Assignment: Lines outside the range are not wanted. Give again exactly the lines between the line holding "岩牡蠣を楽しむコース(税込4300円)に、" and the line holding "Предваряя соглашение, глава", inclusive, from the listing below.
*** Opening of Source data ***
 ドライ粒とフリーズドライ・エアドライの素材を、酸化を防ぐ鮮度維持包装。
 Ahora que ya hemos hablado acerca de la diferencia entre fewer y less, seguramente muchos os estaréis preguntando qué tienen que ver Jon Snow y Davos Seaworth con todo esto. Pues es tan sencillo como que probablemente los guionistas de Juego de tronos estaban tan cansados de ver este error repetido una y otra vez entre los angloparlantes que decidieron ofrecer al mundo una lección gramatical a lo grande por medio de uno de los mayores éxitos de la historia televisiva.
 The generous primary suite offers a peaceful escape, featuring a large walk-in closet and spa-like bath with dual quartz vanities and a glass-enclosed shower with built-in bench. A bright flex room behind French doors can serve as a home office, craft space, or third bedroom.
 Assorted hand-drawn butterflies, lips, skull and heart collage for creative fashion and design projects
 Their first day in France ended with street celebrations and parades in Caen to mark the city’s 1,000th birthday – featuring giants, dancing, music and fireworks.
*** Close of Source data ***
*** Opening of Source data ***
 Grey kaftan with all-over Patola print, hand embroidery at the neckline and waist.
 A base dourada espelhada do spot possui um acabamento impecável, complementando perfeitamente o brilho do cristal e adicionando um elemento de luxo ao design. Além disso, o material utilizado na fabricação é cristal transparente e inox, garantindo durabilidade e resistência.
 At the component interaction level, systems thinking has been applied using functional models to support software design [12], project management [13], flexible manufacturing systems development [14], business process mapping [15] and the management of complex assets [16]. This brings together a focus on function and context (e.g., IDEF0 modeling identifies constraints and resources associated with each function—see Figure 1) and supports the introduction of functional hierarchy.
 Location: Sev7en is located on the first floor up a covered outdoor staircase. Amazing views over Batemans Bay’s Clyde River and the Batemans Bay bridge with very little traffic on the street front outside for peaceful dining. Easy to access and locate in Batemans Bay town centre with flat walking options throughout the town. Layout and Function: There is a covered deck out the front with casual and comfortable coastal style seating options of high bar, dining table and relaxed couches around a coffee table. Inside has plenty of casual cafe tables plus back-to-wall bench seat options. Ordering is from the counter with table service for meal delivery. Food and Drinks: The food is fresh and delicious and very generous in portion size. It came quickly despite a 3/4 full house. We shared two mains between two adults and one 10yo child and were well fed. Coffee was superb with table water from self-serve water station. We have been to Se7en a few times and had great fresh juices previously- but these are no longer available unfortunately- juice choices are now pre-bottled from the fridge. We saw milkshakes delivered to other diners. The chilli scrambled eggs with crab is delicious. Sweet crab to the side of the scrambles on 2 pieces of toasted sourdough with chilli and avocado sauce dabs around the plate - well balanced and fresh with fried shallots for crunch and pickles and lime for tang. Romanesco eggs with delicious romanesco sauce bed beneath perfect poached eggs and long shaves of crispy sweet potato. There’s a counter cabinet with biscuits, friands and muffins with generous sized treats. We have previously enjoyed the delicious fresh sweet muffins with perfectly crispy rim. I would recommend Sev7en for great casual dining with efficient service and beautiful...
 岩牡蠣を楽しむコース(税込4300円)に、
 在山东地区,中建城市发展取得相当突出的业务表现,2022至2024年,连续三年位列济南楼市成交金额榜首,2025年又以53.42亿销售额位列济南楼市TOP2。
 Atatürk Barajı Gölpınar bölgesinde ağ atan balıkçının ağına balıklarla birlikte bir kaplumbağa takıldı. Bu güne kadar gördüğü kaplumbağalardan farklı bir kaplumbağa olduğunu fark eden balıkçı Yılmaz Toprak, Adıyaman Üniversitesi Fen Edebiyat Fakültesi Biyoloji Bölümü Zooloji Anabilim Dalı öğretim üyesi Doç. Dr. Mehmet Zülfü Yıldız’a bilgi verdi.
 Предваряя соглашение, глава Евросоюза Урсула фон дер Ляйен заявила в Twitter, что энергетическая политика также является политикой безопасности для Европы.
*** Close of Source data ***
Result for this task:
 岩牡蠣を楽しむコース(税込4300円)に、
 在山东地区,中建城市发展取得相当突出的业务表现,2022至2024年,连续三年位列济南楼市成交金额榜首,2025年又以53.42亿销售额位列济南楼市TOP2。
 Atatürk Barajı Gölpınar bölgesinde ağ atan balıkçının ağına balıklarla birlikte bir kaplumbağa takıldı. Bu güne kadar gördüğü kaplumbağalardan farklı bir kaplumbağa olduğunu fark eden balıkçı Yılmaz Toprak, Adıyaman Üniversitesi Fen Edebiyat Fakültesi Biyoloji Bölümü Zooloji Anabilim Dalı öğretim üyesi Doç. Dr. Mehmet Zülfü Yıldız’a bilgi verdi.
 Предваряя соглашение, глава Евросоюза Урсула фон дер Ляйен заявила в Twitter, что энергетическая политика также является политикой безопасности для Европы.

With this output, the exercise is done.